● **DATA EXTRACT**
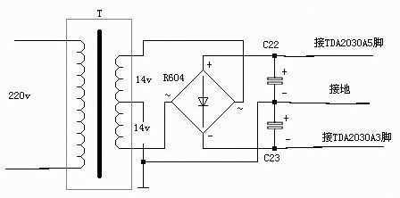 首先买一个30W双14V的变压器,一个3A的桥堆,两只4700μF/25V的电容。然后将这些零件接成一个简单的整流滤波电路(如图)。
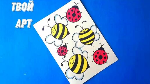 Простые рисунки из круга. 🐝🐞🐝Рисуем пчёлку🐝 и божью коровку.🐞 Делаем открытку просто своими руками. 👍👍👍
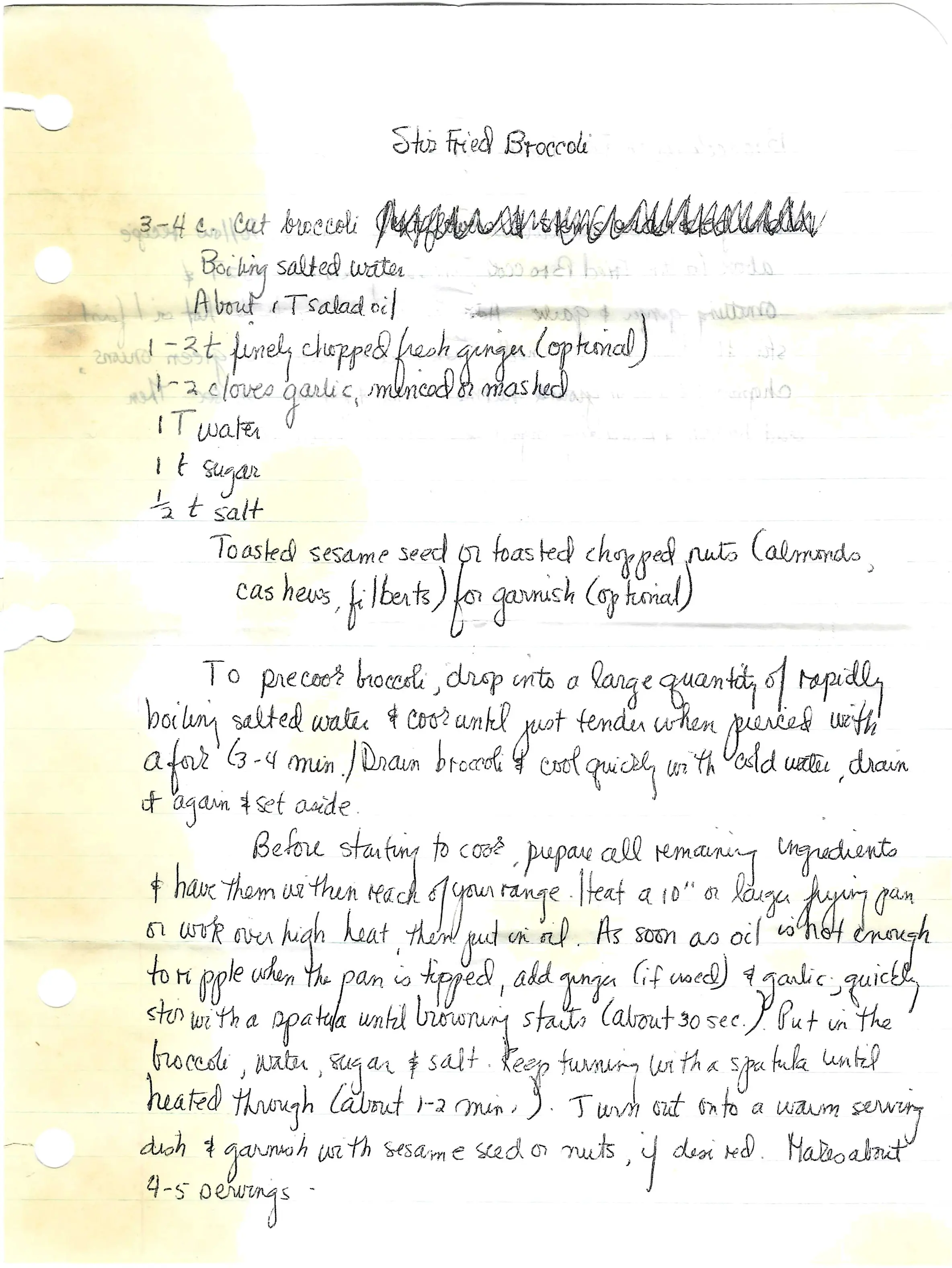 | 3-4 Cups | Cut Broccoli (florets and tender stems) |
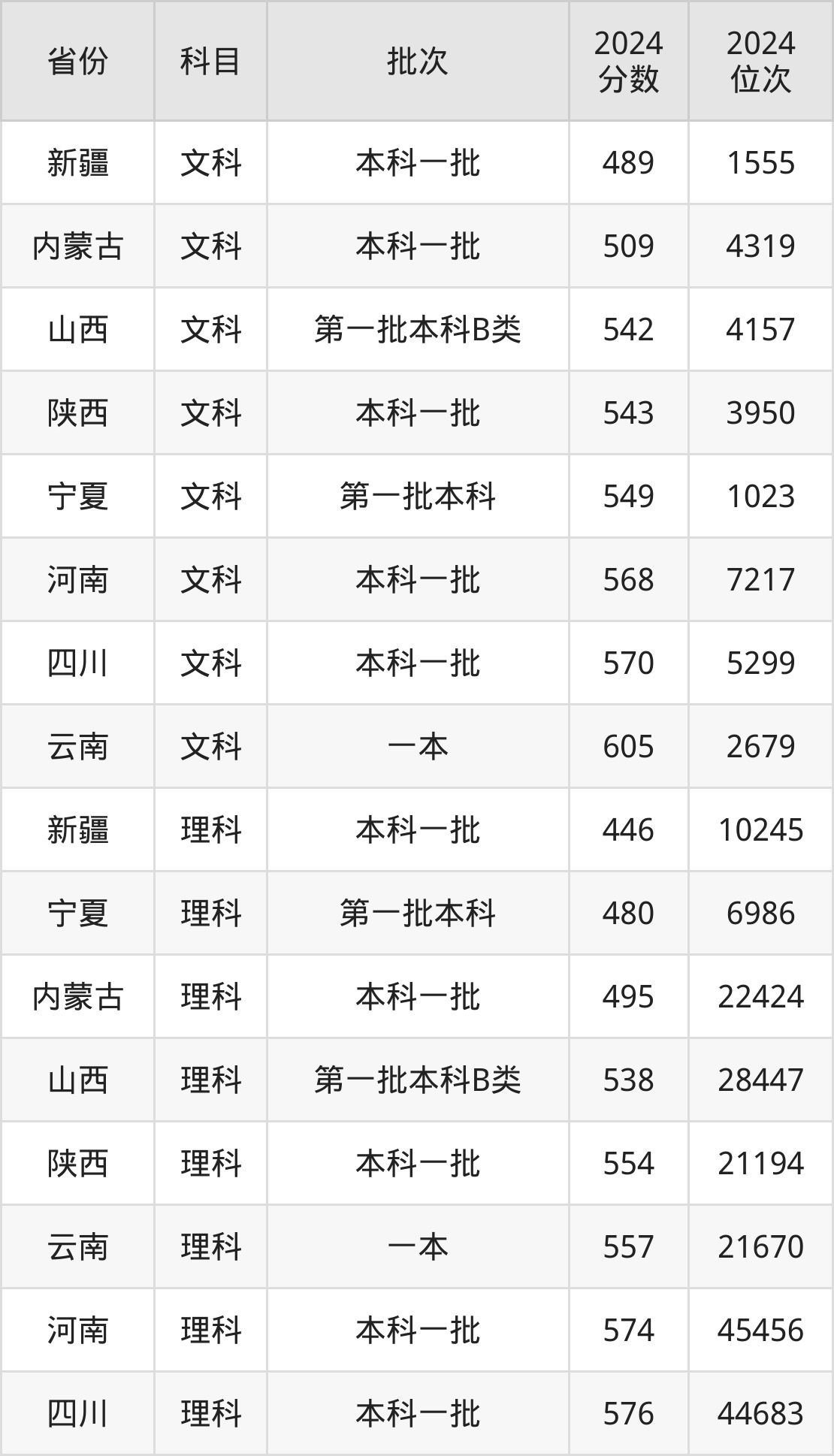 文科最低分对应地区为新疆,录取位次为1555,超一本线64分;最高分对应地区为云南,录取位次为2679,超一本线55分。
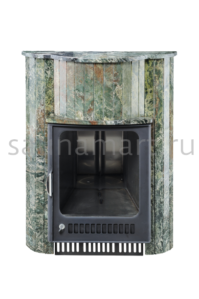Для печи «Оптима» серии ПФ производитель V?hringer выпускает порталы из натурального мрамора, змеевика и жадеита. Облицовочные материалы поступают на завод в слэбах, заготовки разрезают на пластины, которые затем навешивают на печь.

...

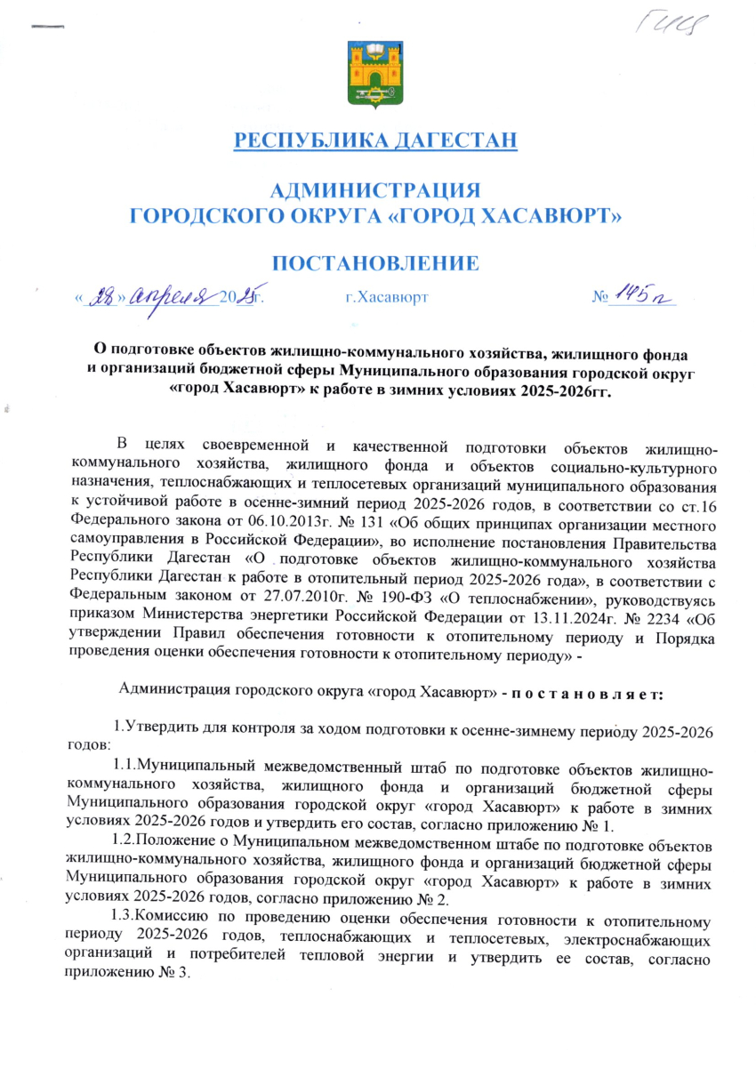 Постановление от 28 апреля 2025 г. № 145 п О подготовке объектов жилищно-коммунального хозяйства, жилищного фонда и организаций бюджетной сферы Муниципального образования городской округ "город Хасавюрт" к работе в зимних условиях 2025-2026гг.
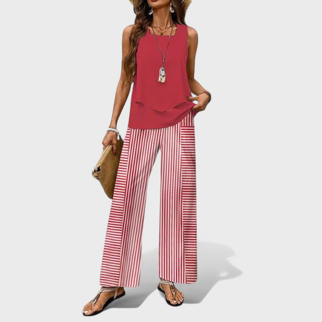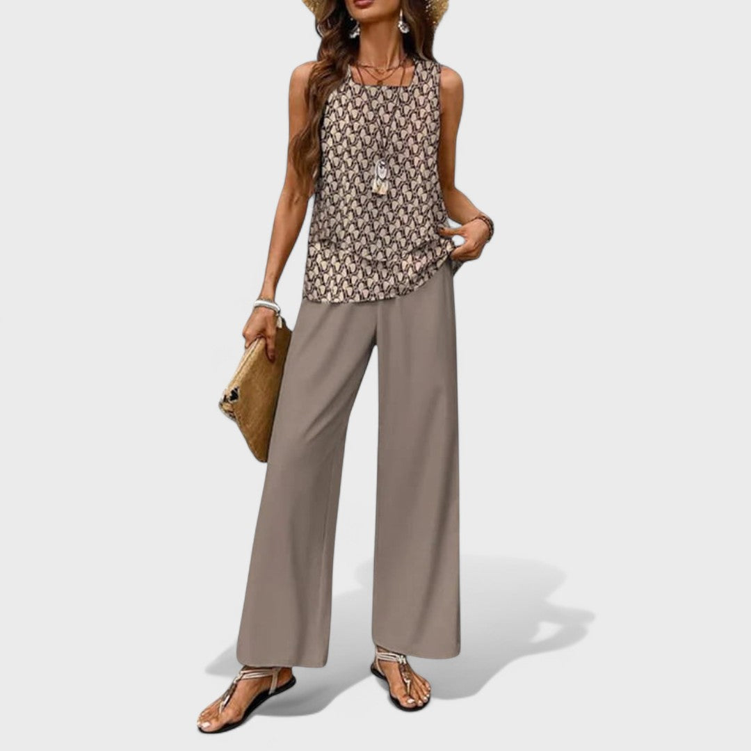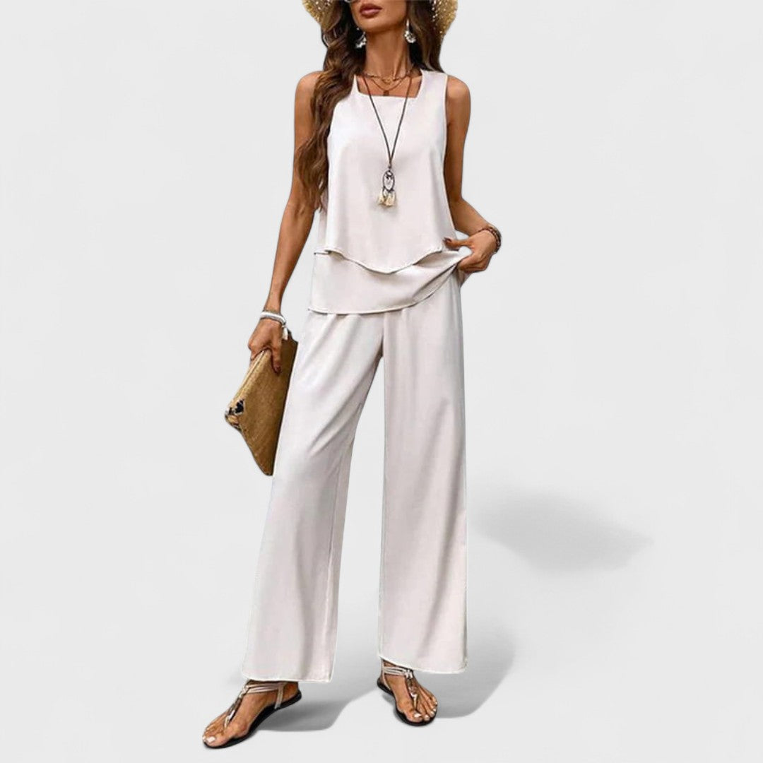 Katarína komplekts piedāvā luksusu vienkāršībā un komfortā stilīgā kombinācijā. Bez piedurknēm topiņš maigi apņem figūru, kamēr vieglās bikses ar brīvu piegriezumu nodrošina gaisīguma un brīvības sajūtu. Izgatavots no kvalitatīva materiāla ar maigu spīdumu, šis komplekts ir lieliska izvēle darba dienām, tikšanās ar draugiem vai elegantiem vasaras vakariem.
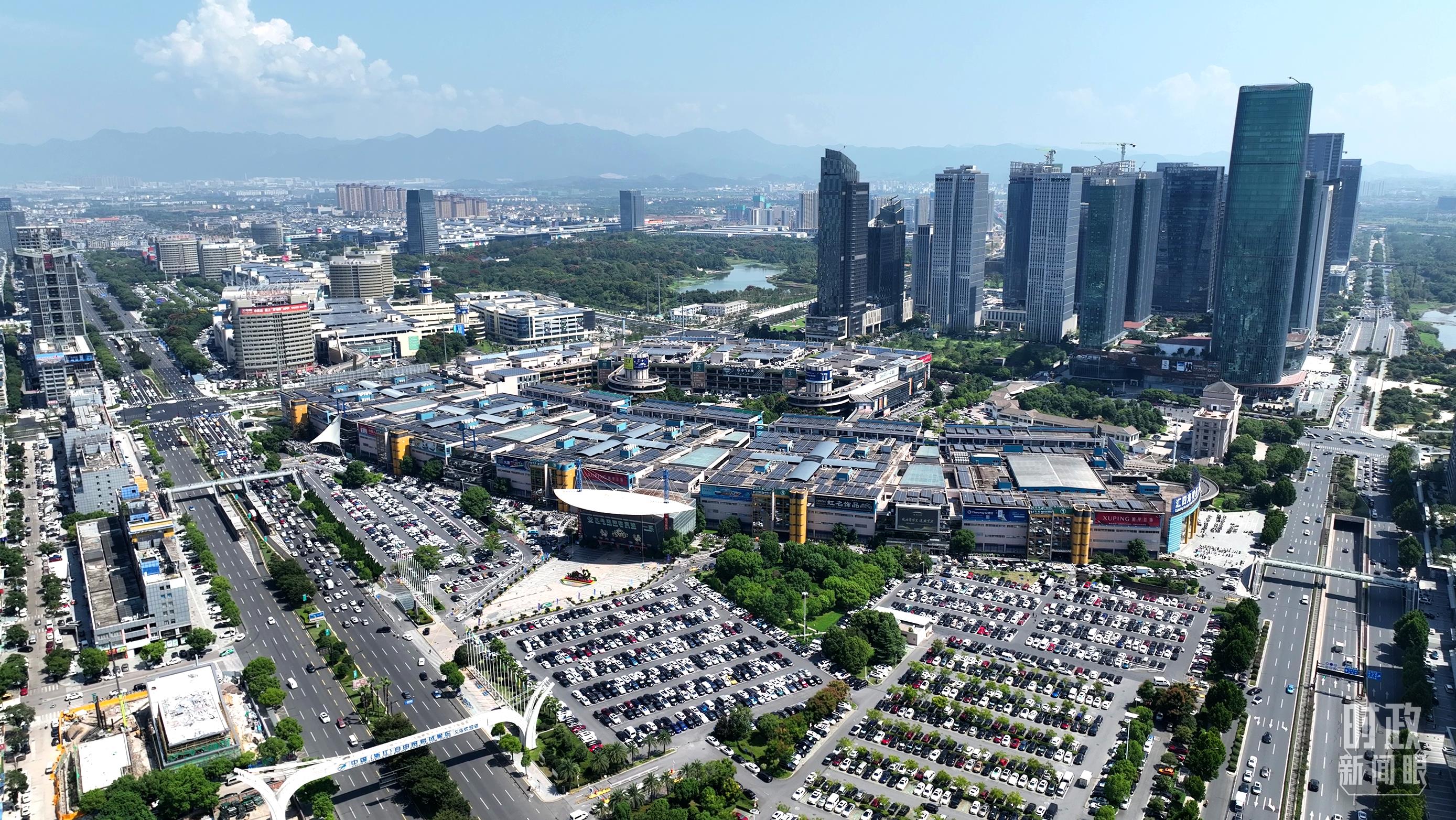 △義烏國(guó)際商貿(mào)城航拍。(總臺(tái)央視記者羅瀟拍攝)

==

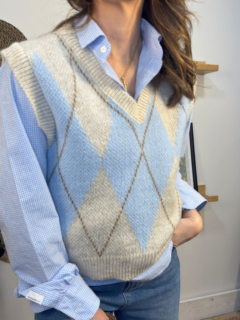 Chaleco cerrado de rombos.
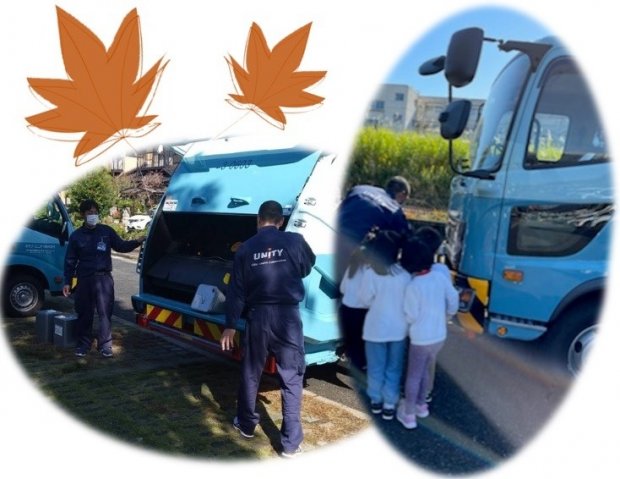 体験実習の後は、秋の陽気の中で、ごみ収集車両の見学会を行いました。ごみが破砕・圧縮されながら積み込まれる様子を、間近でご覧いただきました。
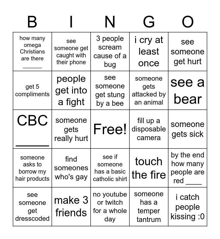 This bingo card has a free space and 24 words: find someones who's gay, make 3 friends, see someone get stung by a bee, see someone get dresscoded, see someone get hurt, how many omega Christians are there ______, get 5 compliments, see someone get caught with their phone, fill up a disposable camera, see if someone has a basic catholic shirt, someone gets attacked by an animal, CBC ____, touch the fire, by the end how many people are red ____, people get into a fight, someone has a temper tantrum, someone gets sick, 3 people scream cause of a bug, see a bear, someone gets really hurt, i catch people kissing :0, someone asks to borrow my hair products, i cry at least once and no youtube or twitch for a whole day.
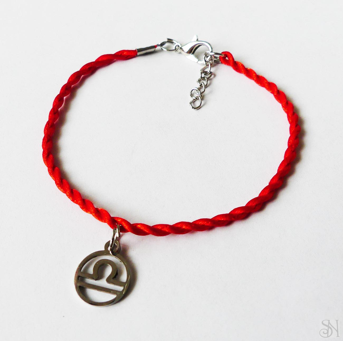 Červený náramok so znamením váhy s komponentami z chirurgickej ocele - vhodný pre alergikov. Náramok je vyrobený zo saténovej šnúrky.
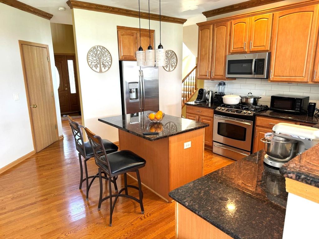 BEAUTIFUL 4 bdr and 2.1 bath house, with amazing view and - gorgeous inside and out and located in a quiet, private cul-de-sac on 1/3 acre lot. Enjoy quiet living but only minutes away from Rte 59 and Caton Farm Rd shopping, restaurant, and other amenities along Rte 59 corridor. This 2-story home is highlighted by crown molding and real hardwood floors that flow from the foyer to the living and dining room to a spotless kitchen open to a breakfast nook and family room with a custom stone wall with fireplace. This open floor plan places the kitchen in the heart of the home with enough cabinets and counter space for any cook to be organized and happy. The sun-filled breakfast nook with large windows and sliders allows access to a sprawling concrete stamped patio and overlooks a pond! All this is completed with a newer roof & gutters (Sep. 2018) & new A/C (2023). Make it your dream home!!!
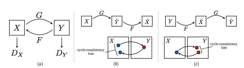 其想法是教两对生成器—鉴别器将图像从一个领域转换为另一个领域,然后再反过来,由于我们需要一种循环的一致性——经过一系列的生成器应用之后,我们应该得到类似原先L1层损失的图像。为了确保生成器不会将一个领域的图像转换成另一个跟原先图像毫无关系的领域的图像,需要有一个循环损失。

● **WHAT TO PRODUCE**
Both the line above containing "tender stems) |" and the line containing "навешивают на печь." belong in the copy, along with every line between them; print these exactly and omit the pictures.

● **TASK RESULT**
 | 3-4 Cups | Cut Broccoli (florets and tender stems) |
 文科最低分对应地区为新疆,录取位次为1555,超一本线64分;最高分对应地区为云南,录取位次为2679,超一本线55分。
Для печи «Оптима» серии ПФ производитель V?hringer выпускает порталы из натурального мрамора, змеевика и жадеита. Облицовочные материалы поступают на завод в слэбах, заготовки разрезают на пластины, которые затем навешивают на печь.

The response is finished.